→ WHAT IS NEEDED: Start at the line in the entries below that contains "The Black stripe", stop at the line that contains "Postkaart met afbeelding", and output exactly the lines in that span, both ends included.

========

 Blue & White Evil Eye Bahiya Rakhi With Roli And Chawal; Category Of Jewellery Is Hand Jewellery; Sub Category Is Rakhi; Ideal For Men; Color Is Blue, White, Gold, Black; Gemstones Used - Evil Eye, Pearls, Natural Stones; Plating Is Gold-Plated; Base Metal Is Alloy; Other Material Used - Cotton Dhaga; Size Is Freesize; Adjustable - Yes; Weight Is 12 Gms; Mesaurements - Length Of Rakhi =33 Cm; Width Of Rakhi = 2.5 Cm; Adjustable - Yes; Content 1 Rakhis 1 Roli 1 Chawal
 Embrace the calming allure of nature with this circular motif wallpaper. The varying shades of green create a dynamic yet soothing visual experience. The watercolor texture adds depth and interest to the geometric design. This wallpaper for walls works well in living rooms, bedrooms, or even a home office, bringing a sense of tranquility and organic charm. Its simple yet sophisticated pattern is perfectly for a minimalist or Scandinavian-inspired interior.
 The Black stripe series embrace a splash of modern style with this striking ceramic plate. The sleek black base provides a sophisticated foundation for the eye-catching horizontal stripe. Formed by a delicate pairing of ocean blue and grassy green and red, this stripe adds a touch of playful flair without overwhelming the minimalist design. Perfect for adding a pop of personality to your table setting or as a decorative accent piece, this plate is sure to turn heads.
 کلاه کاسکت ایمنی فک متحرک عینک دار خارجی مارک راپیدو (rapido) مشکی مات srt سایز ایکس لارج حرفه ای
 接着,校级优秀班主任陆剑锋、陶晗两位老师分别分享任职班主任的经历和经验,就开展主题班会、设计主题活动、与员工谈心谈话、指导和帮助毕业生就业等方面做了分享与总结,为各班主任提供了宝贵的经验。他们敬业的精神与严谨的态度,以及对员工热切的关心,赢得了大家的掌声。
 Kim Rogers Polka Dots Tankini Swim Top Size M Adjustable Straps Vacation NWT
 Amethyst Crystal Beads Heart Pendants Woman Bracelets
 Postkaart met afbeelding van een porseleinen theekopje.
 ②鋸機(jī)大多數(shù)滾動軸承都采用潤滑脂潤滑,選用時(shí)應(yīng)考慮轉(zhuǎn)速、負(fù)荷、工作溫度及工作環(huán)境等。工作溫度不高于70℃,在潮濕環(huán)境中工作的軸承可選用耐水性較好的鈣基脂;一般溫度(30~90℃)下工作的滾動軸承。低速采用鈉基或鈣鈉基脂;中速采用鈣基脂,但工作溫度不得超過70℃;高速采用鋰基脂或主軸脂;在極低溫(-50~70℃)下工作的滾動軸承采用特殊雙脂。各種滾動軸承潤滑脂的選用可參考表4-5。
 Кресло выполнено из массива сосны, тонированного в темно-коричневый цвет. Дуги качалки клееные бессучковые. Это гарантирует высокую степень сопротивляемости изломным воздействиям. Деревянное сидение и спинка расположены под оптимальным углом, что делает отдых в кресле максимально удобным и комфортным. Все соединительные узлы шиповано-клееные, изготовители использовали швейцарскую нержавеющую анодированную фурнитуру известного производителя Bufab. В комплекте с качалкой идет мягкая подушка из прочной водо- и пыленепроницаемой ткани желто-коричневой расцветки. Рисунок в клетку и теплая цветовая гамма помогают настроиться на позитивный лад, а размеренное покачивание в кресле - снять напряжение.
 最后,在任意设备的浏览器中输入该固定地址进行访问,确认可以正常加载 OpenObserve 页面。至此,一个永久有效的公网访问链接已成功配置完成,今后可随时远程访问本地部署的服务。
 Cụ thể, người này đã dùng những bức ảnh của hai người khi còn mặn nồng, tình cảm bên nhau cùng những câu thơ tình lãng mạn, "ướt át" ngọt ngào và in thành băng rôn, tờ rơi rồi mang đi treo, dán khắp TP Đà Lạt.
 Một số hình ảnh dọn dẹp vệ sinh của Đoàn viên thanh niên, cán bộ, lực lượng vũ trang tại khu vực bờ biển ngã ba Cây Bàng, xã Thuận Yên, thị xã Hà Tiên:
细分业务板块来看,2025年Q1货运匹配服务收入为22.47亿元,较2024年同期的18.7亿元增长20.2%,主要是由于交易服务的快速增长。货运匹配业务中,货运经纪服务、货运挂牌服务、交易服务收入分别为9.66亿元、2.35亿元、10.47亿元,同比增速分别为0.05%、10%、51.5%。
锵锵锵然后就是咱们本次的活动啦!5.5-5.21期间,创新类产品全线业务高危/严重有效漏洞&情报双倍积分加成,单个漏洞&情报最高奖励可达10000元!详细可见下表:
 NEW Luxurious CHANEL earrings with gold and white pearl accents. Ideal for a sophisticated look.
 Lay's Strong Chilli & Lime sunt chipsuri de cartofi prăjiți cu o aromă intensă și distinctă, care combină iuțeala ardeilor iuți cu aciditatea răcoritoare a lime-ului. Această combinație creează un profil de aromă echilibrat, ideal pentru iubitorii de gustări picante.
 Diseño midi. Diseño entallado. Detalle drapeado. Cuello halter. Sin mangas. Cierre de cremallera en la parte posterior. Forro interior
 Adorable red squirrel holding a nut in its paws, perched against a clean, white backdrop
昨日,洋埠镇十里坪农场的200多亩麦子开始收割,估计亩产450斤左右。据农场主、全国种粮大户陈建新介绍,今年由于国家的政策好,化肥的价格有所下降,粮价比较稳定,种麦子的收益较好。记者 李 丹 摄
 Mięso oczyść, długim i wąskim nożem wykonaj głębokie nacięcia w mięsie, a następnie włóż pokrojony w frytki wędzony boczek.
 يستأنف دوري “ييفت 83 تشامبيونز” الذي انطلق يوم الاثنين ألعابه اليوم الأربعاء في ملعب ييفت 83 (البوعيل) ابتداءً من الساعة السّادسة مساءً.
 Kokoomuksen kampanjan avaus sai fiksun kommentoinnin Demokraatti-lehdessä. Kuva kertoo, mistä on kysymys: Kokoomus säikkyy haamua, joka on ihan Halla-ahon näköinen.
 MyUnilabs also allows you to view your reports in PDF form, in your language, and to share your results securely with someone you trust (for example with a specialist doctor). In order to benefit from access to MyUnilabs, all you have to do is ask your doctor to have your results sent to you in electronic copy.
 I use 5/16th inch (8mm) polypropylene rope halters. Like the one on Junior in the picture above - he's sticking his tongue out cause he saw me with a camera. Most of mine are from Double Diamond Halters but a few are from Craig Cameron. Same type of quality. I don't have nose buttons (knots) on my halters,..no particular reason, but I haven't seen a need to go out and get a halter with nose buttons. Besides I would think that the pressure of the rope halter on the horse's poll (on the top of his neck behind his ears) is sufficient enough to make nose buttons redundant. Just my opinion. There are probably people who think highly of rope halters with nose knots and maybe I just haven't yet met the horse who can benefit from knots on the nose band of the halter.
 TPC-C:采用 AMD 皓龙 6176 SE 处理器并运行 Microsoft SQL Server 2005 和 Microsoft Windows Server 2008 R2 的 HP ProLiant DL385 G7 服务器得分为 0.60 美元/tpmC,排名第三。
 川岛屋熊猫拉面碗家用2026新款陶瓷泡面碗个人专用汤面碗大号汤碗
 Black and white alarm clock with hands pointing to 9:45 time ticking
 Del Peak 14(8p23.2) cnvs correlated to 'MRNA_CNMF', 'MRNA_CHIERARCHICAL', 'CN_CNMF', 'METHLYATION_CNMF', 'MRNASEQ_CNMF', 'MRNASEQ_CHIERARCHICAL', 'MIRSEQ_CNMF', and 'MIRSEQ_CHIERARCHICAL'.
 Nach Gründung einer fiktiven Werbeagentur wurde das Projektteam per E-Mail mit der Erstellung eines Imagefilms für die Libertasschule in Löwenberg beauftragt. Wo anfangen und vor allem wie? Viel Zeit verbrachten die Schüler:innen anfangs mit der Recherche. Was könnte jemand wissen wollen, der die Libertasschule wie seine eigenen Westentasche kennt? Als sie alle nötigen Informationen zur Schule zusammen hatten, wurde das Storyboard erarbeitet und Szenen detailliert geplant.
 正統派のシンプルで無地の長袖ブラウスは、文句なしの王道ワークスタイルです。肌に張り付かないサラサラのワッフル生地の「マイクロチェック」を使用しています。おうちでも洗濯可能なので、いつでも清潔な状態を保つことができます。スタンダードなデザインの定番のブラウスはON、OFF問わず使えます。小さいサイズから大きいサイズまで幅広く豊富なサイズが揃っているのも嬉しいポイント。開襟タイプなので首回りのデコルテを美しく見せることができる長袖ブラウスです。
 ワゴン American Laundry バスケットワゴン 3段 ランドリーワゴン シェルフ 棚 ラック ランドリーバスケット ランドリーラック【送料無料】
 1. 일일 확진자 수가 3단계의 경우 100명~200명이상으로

========

→ SOLUTION TO THE EXERCISE:
 The Black stripe series embrace a splash of modern style with this striking ceramic plate. The sleek black base provides a sophisticated foundation for the eye-catching horizontal stripe. Formed by a delicate pairing of ocean blue and grassy green and red, this stripe adds a touch of playful flair without overwhelming the minimalist design. Perfect for adding a pop of personality to your table setting or as a decorative accent piece, this plate is sure to turn heads.
 کلاه کاسکت ایمنی فک متحرک عینک دار خارجی مارک راپیدو (rapido) مشکی مات srt سایز ایکس لارج حرفه ای
 接着,校级优秀班主任陆剑锋、陶晗两位老师分别分享任职班主任的经历和经验,就开展主题班会、设计主题活动、与员工谈心谈话、指导和帮助毕业生就业等方面做了分享与总结,为各班主任提供了宝贵的经验。他们敬业的精神与严谨的态度,以及对员工热切的关心,赢得了大家的掌声。
 Kim Rogers Polka Dots Tankini Swim Top Size M Adjustable Straps Vacation NWT
 Amethyst Crystal Beads Heart Pendants Woman Bracelets
 Postkaart met afbeelding van een porseleinen theekopje.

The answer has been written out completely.